* _WHAT THE TASK ASKS_
Go to the line containing "5月21日,日韩无码 党委围" in the material below. From there to the end, retype every line exactly and drop the pictures.
BEGIN RAW DATA
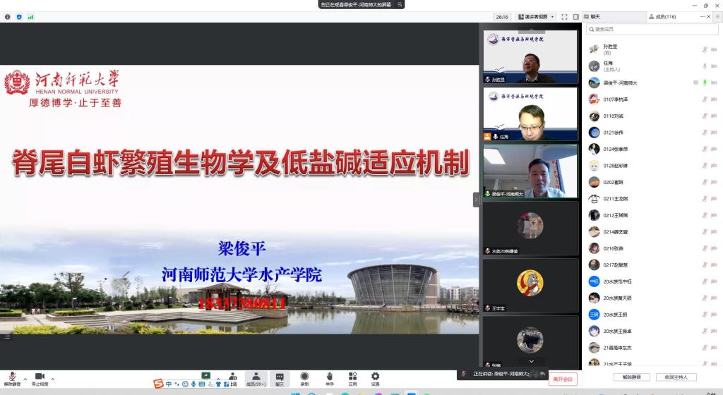 2022年10月23日上午,开云kaiyun官网三期海洋论坛活动在腾讯会议线上进行,本次活动邀请了优秀校友河南师范大学梁俊平博士给开云官网师生做学术报告。会议由水产科学教学部任海博士主持,水产科学教学部全体教师、渔业发展硕士研究生以及开云kaiyun官网本科生300余人收听了报告,学院党委副书记、副院长孙胜显出席会议。
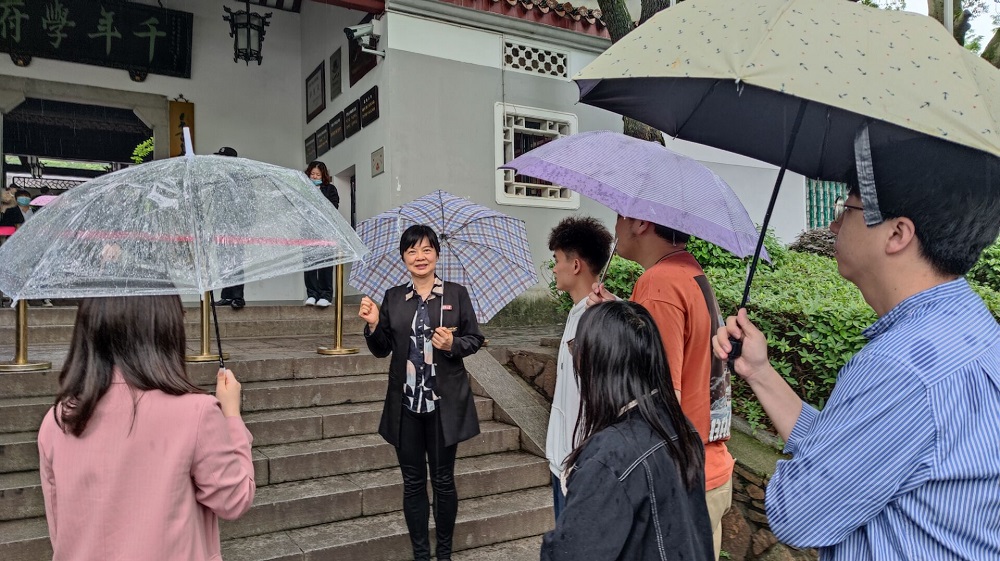 5月21日,日韩无码 党委围绕“学史崇德,在红色传承中汲取奋进力量”主题开展专题学习。学院党委副书记、党支部书记、组织干事前往岳麓书院进行实地学习,院党委书记付蓉芬就“党的实事求是思想路线策源地”作专题讲解。
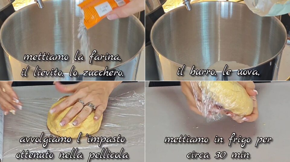 Preparo la base Per prima cosa metto in una ciotola la farina, il lievito, lo zucchero, il burro e le uova. Impasto velocemente fino ad ottenere un panetto liscio e compatto. Avvolgo l’impasto nella pellicola e lo metto in frigorifero per circa 30 minuti.
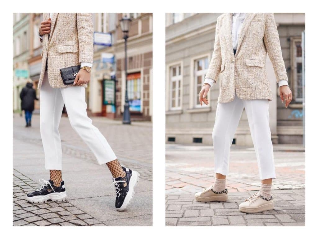 Porter des chaussures avec un pantalon blanc femme : opter pour les baskets
END RAW DATA
* _TASK ANSWER_
 5月21日,日韩无码 党委围绕“学史崇德,在红色传承中汲取奋进力量”主题开展专题学习。学院党委副书记、党支部书记、组织干事前往岳麓书院进行实地学习,院党委书记付蓉芬就“党的实事求是思想路线策源地”作专题讲解。
 Preparo la base Per prima cosa metto in una ciotola la farina, il lievito, lo zucchero, il burro e le uova. Impasto velocemente fino ad ottenere un panetto liscio e compatto. Avvolgo l’impasto nella pellicola e lo metto in frigorifero per circa 30 minuti.
 Porter des chaussures avec un pantalon blanc femme : opter pour les baskets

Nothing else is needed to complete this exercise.